# LiveOIBench Crawler

This repository contains scripts to crawl and parse problems from various Informatics Olympiad contests. The contests to be crawled and their metadata are listed in the provided CSV file.

## Environment Variables

Before running any scripts, export the following environment variables:

```bash
export HOME_DIR="/path/to/your/data/directory"
export CSES_USERNAME="your_cses_username"
export CSES_PASSWORD="your_cses_password"
export LOJ_USERNAME="your_loj_username"
export LOJ_PASSWORD="your_loj_password"
```

- `HOME_DIR`: Base directory for all crawled/restructured/parsed data.
- `CSES_USERNAME` / `CSES_PASSWORD`: Credentials for the CSES scraper.
- `LOJ_USERNAME` / `LOJ_PASSWORD`: Credentials for the LOJ scraper.

## Getting Started

To add support for crawling a new contest, follow these steps:

### 1. Extend the Base Crawler Class

Create a new crawler class by extending the base crawler (`BaseCrawler`) and implement the following methods:

- **`crawl()`**

  This method retrieves problems from the contest website. As contest formats may vary across different years, the recommended workflow is:

  - Fetch the target webpage.
  - Use ChatGPT to extract downloadable links automatically.

- **`restructure()`**

  Organizes downloaded files into the standardized directory structure shown below:

  ```
  <year>/
  ├── <contest_name>/
  │   ├── <task_name>/
  │   │   ├── statements/           # Required
  │   │   ├── translations/         # Optional
  │   │   ├── graders/              # Optional
  │   │   ├── tests/                # Required
  │   │   ├── attachments/          # Optional
  │   │   ├── solutions/
  │   │   │   ├── Codes/
  │   │   │   │   ├── correct/           # Required
  │   │   │   │   ├── incorrect/         # Optional
  │   │   │   │   ├── time_limit/        # Optional
  │   │   │   │   └── runtime_error/     # Optional
  │   │   │   ├── editorial.raw_format
  │   │   │   └── editorial.md           # Optional, as needed
  │   │   ├── subtasks.json
  │   │   └── problem.json
  │   ├── results
  │   │       ├── result.csv
  │   └── meta_info.json             # Contains date ("YYYY-MM") and task info
  ```

  Utilize the provided classes `Contest` and `Task` from `contest.py` to facilitate this process.

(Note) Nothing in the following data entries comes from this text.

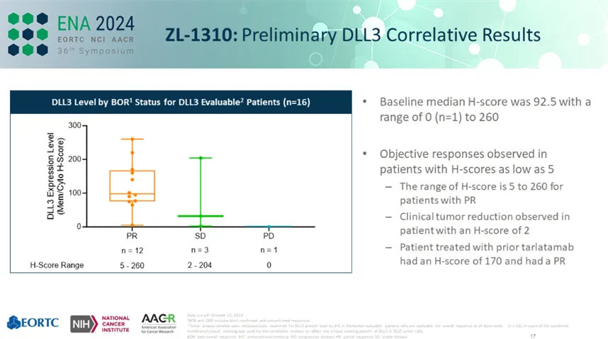 值得注意的是,DLL3 H-Score评分大于5(范围:5-260)的患者均实现了缓解,换言之,DLL3过表达的患者,ORR达到了100%。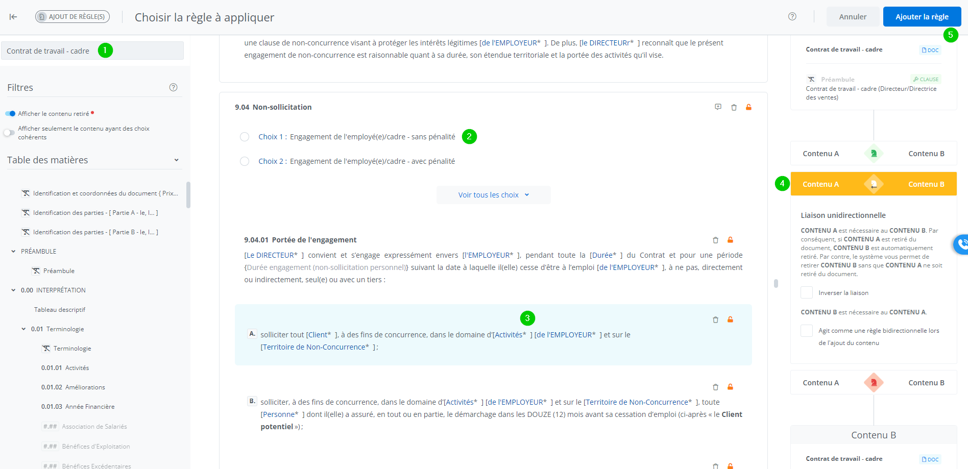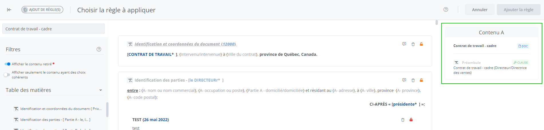 Cet affichage permet d’ajouter une règle à une clause/annexe/paragraphe dans un document.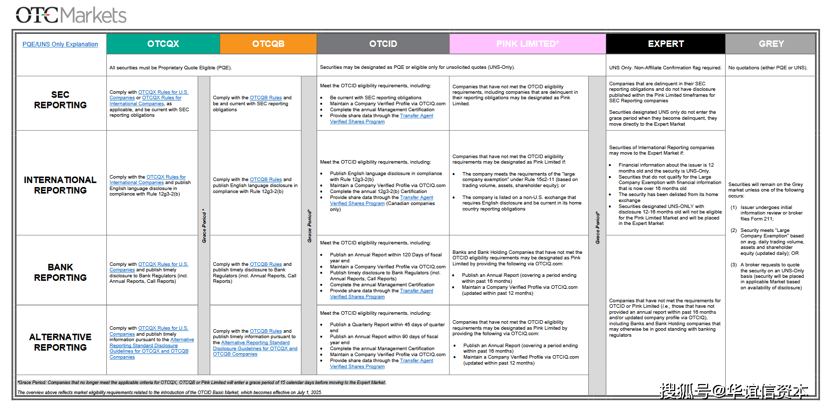 OTCID被定位为“信息披露基本市场”,介于OTCQB与Pink Limited Market之间,主要吸纳原OTC Pink中信息披露较规范的“Current”企业,同时设置更高合规门槛。这一层级划分有助于投资者根据公司的信息披露水平和风险特征进行区分。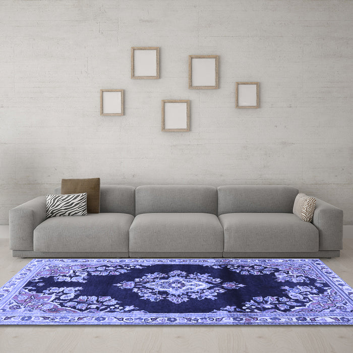 Introducing our Machine Washable Medallion Blue Traditional Area Rug, the perfect addition to enhance the beauty and comfort of your home. With its timeless design and durable construction, this rug combines style and functionality to create a stunning focal point in any room. Crafted with care, our Medallion Blue Traditional Area Rug features an intricate medallion pattern, adding an elegant touch to your living space. The rich blue color palette exudes a sense of tranquility and sophistication, seamlessly blending with a variety of decor styles. What sets our area rug apart from the rest is its remarkable machine washable feature. Say goodbye to the hassle of spot cleaning or expensive professional cleaning services. Simply toss this rug into your washing machine whenever it needs a refresh, and it will come out looking as good as new. This convenient feature not only saves you time and money but also ensures a clean and hygienic living environment. Designed to withstand the test of time, our Medallion Blue Traditional Area Rug is made from high-quality materials. The durable fabric and sturdy construction prevent wear and tear, making it ideal for high-traffic areas such as living rooms, dining rooms, or entryways. Additionally, the non-slip backing provides extra safety, preventing the rug from slipping and sliding on smooth surfaces. Whether you're looking to add warmth to your hardwood floors or create a cozy seating area, our Machine Washable Medallion Blue Traditional Area Rug is the perfect choice. Enjoy the comfort and luxury it brings while effortlessly maintaining its pristine appearance.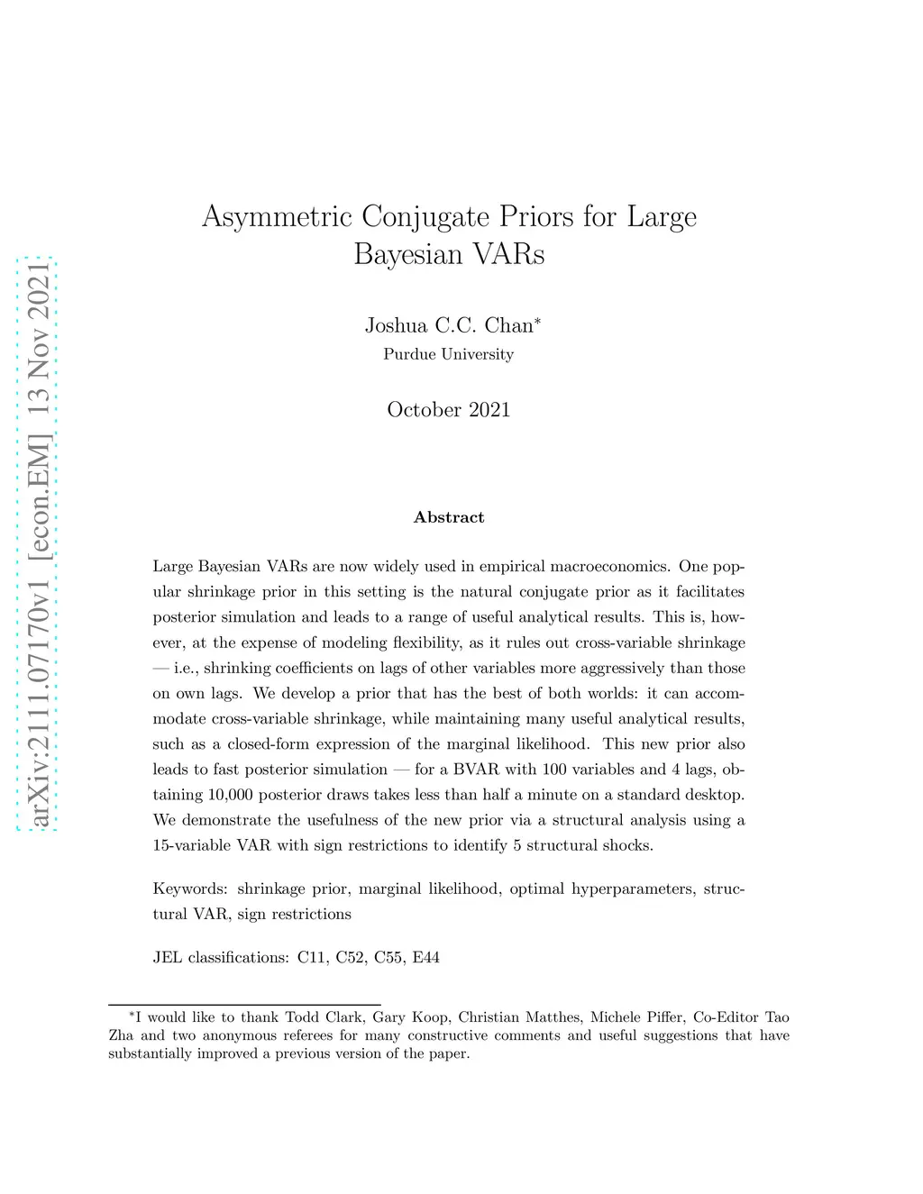 Large Bayesian VARs are now widely used in empirical macroeconomics. One popular shrinkage prior in this setting is the natural conjugate prior as it facilitates posterior simulation and leads to a range of useful analytical results. This is, however, at the expense of modeling flexibility, as it rules out cross-variable shrinkage -- i.e., shrinking coefficients on lags of other variables more aggressively than those on own lags. We develop a prior that has the best of both worlds: it can accommodate cross-variable shrinkage, while maintaining many useful analytical results, such as a closed-form expression of the marginal likelihood. This new prior also leads to fast posterior simulation -- for a BVAR with 100 variables and 4 lags, obtaining 10,000 posterior draws takes less than half a minute on a standard desktop. We demonstrate the usefulness of the new prior via a structural analysis using a 15-variable VAR with sign restrictions to identify 5 structural shocks.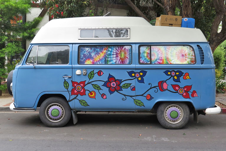 Who can forget the Volkswagen Bus as an iconic symbol of the 60’s Peace and Love movement. Their utilitarian flexibility mad them perfect for the hippy lifestyle and the need to be much more that a bus, a canvas for artistic expression.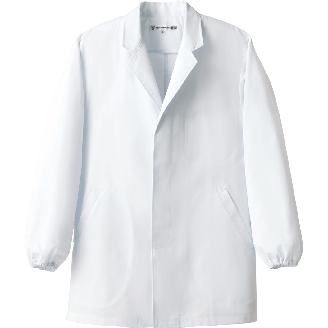 コートとしてしっかりとした厚さのある生地、綿ポリエステル混率、ツイル組織のコートです。抗菌防臭機能あり。定番的な白衣デザインの一つですので多くのシーンで着ていただけます。デザインポイントして比翼仕様、ボタンが見えないところにモダンさを感じます。袖口はゴム仕様ですので袖を好きな位置に上げて着用することができます。またそのゴムはオリジナルで耐熱性があります。洗濯性に優れ、通常のものより永く使えます。腰に左右ポケットあり、左胸内側にもポケットあり。男性用。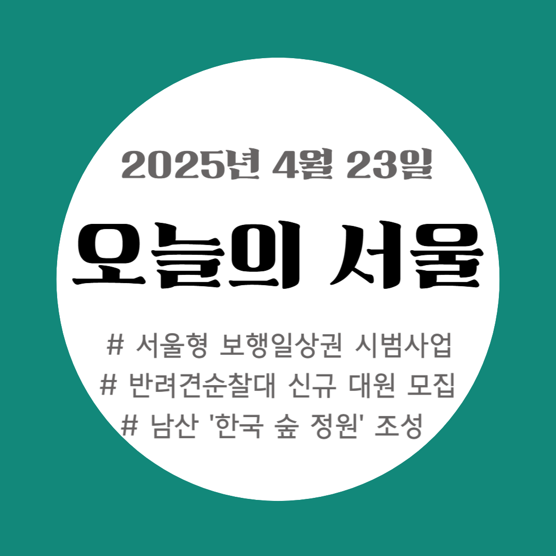| 오늘의 서울(2025년 4월 22일자): 서울야외도서관, 따릉이 가족권, 반려동물 시민학교 (1) | 2025.04.22 |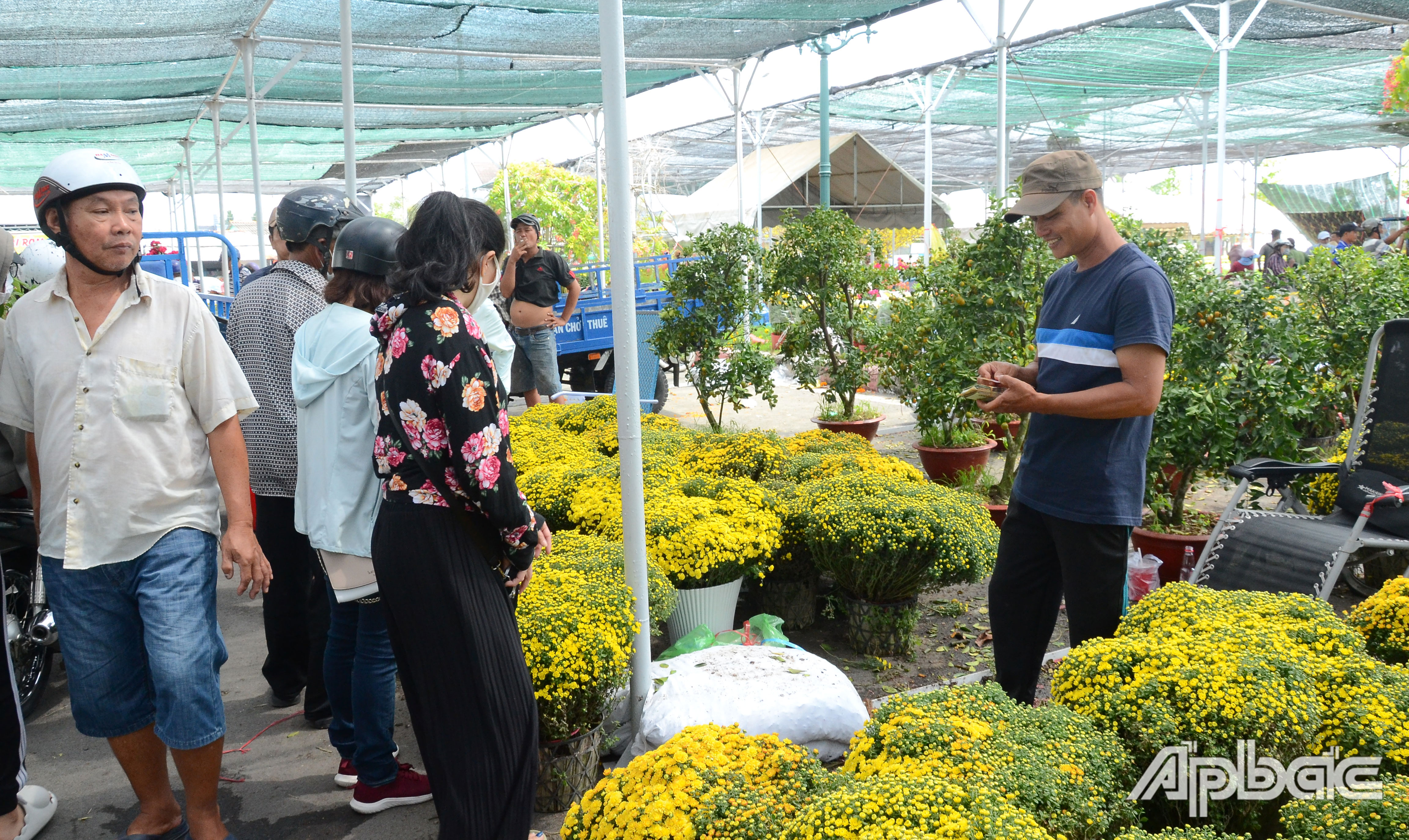 | Sức mua tại Chợ hoa xuân TP. Mỹ Tho tăng vào chiều 30 Tết, nhưng không bằng mọi năm. |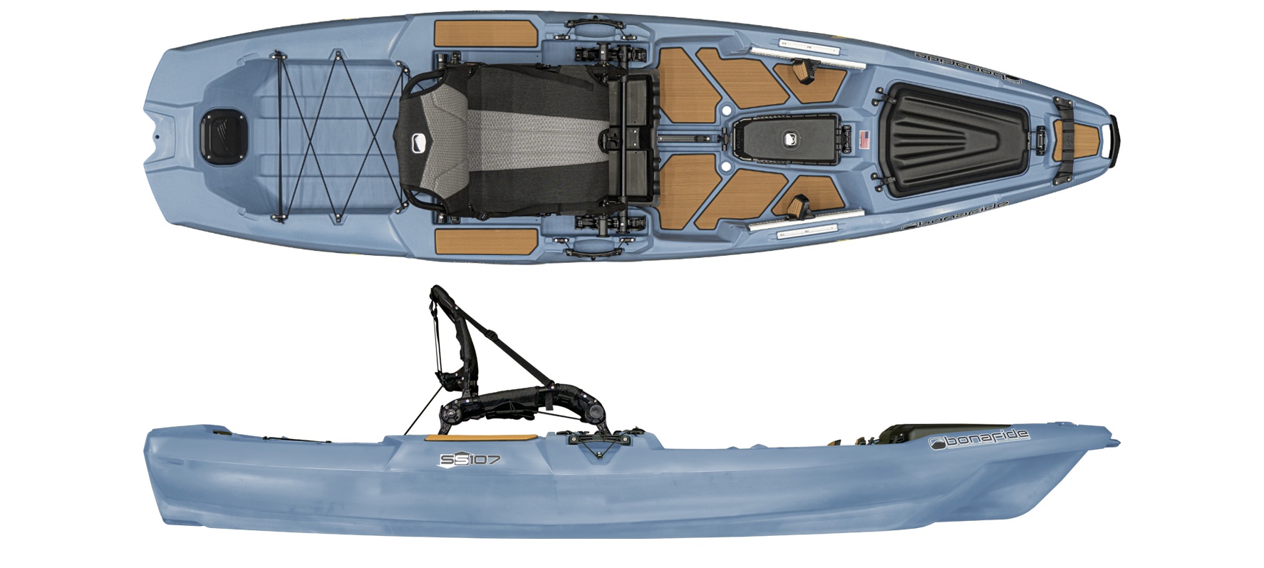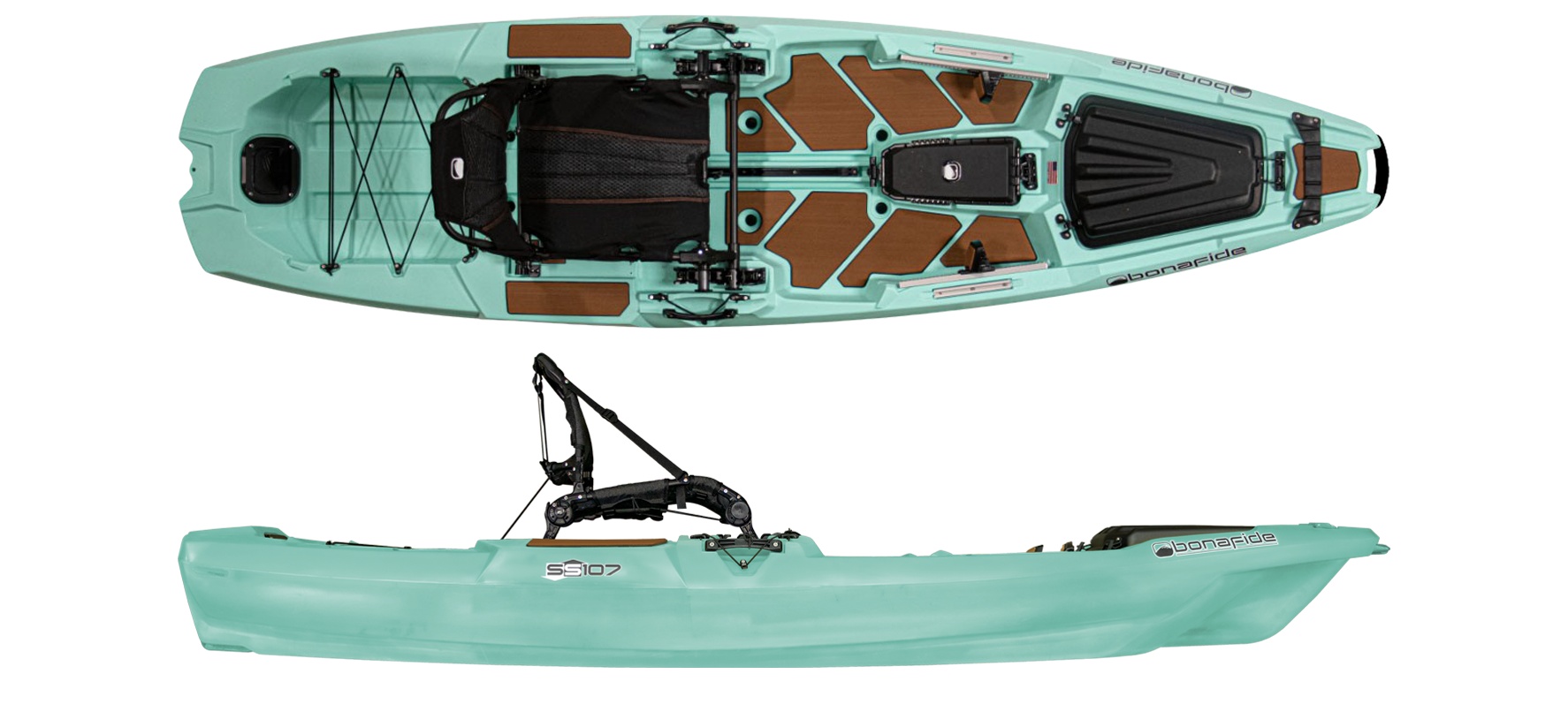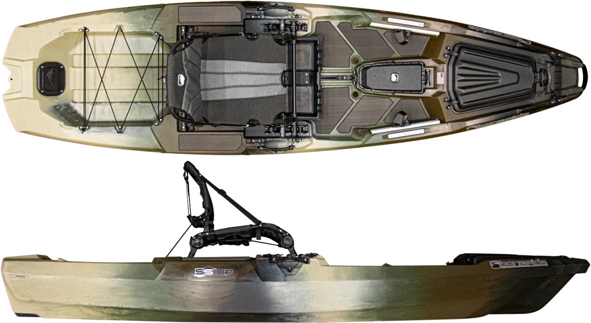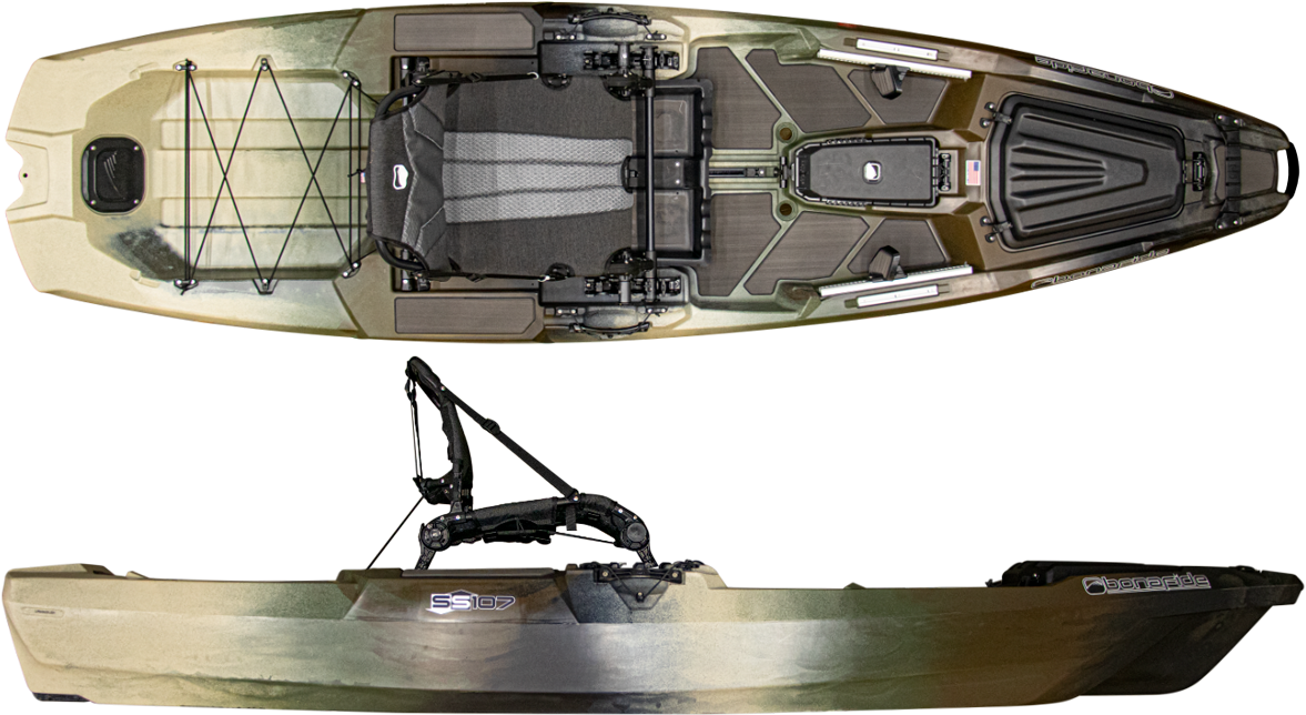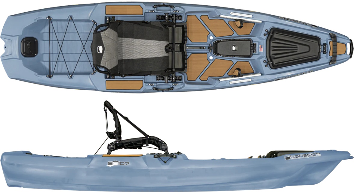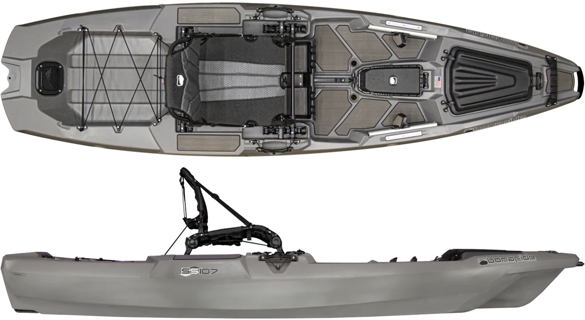 Bonafide SS107 – kompaktiškas, bet galingas žvejybinis kajakas su „Ultimate Fishability™” koncepcija, 425 lbs (193 kg) apkrova ir patobulinta „HiRise™” sėdyne. Puikiai tinka mobiliems žvejams, kuriems reikia aukščiausios klasės funkcijų mažame formate.

Even for the same competition, the folder structure will be different across years. You may have to write a function for each contest if they don't share the same structure.
  
  **`problem.json`**
  ```
  {
    "task": "{task_name}",
    "time_limit": x.xx, (seconds)
    "memory_limit": xxx, (MB)
    "task_type": "Batch", "Interactive", "Communication", or, "Output_only",
  }
  ```
  **`subtasks.json`**
  ```
  {
    "0": {"score":0, "testcases": ["0-01"], "task": "Subtask 0"},
    "1": {"score": 30, "testcases": ["1-01", "1-02", "1-03", "1-04", "1-05"], "task": "Subtask 1"},
    "2": {"score": 70, "testcases": ["2-01", "2-02", "2-03", "2-04", "2-05", "2-06", "2-07", "2-08", "2-09", "2-10", "2-11"], "task": "Subtask 2"},
  }
  ```
  This subtasks.json file means that there are two subtasks for this problem Subtask 1 (30 points) and Subtask 2 (70 points). Usually, Subtask 0 is the sample input and output. A solution will score 30 points if it passes all the test cases assocated with Subtask 1. Similarly, if it passes all the test cases in Subtasks 2, it will score 70 points. 
  
  Its test folder should look something like this:
  ```
  0-01.in
  0-01.out
  1-01.in
  1-02.out
  ...
  ```
  Base on the task type, the test folder may look differently. The interactive tasks sometimes will only have the input files. In utils.py, there are some helper functions to convert different types of subtasks and tests folder into subtasks.json. You may need to write your own functions to create your own subtasks.json.  
- **`parse()`**

  Converts problem statements and solutions (PDF/HTML/...) into Markdown format. At present, PDF parsing via marker_converter is supported. However, we are still exploring different ways we can parse. The marker_converter can be connected to Gemini-2.0-Flash (up to 1500 free requests/day), you need to provide a Google API Key to the converter.

## Implementation Details

- Refer to scripts located in the `src` folder for examples of crawling and restructuring tasks.
- Utility functions are available in `utils.py`. Feel free to add new functions here.
- Do not modify existing functions in `contest.py` and `utils.py`, as they are shared across different crawlers. If you have suggestions for improvements or changes, please open an issue.